Primarily the story of a love affair, the film begins in rural 1924 England, where the majority of neighbouring families have all lost their sons in the war. The exception is Paul Sheringham (Josh O’Connor), who’s engaged to marry his late brother’s fiancée Emma Hobday (Emma D’Arcy), but is secretly having an affair with 22 year old housemaid Jane Fairchild (Odessa Young), who works for neighbouring couple the Nivens (Colin Firth and Olivia Colman).
Over the course of Mother’s Day, various families gather at the Nivens’ estate, leaving the Sheringham house empty, so Paul invites Jane there for what might be their last sexual encounter before his marriage. The events of the afternoon eventually lead to Jane becoming a writer, as we see in two future time periods, one where she’s happily married to a philosopher (Sope Dirisu) and another where she’s a much older woman (Glenda Jackson) recalling her career.
Young delivers an enigmatic, thoughtful turn as Jane that suggests she’s internalising everything, storing up all her emotions and life experience for her desired future career. Her relationship with O’Connor is nicely observed – there’s never any suggestion that they might run away together, as both understand their situation in terms of social status and taboo.
There’s also strong support from Colin Firth (doing his usual thing, but doing it well) and Olivia Colman, who makes the most of her relatively limited screen time (it’s practically a cameo) to deliver a terrific speech, soaked in wrenching anger and grief, about how being an orphan, like Jane, is a great gift because you have no one to care about and can be free.
Husson’s direction is striking in the 1924 sequences, creating an intensely intimate atmosphere that’s heightened through a large amount of onscreen nudity from both Young and O’Connor. That said, it does backfire slightly, because there’s a (very) lengthy sequence where Jane is wandering around the empty Sheringham house completely naked and it’s impossible not to picture a crew member hovering just off camera with a warm blanket.
The 1924 sequences are further heightened by gorgeous costumes by the one and only Sandy Powell and suspiciously sunny cinematography – it is supposed to be March, after all – from Jamie D Ramsay, which adds considerably to the Downton Abbey-ness of it all.

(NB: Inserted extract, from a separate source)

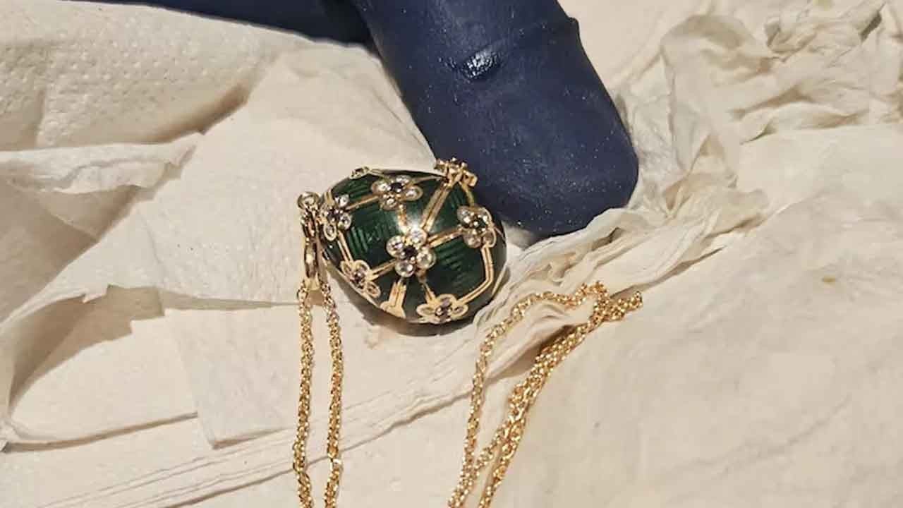 Polis yetkilileri, 18 ayar altından üretilen, 60 beyaz elmas ile 15 mavi safir ile süslü, yutulan kolyenin herhangi bir tıbbi müdahale gerekmeden doğal yollarla çıkarıldığını belirtti.

However, the film also has a number of problems. For one thing, the two other time periods add next to nothing to the story, other than confirming that Jane does, indeed, become successful. Worse than that, they don’t even connect very well, so there’s no real sense of how the events of 1924 affect Jane on an emotional level.
On top of that, the film makes a big deal of Jane being a writer, but it completely eschews any narration or voiceover, so we never see or hear anything she actually writes. That seems an odd decision, not least because it denies Jane her interior voice, something that’s obviously a big part of the novel, but isn’t conveyed here.
Ultimately, this is very much a film of two halves. The 1924 sequences are beautifully shot, touchingly romantic and suffused with an atmosphere of strong emotion, but the later sequences fail to make us care about Jane’s subsequent life and career and the end result is frustrating.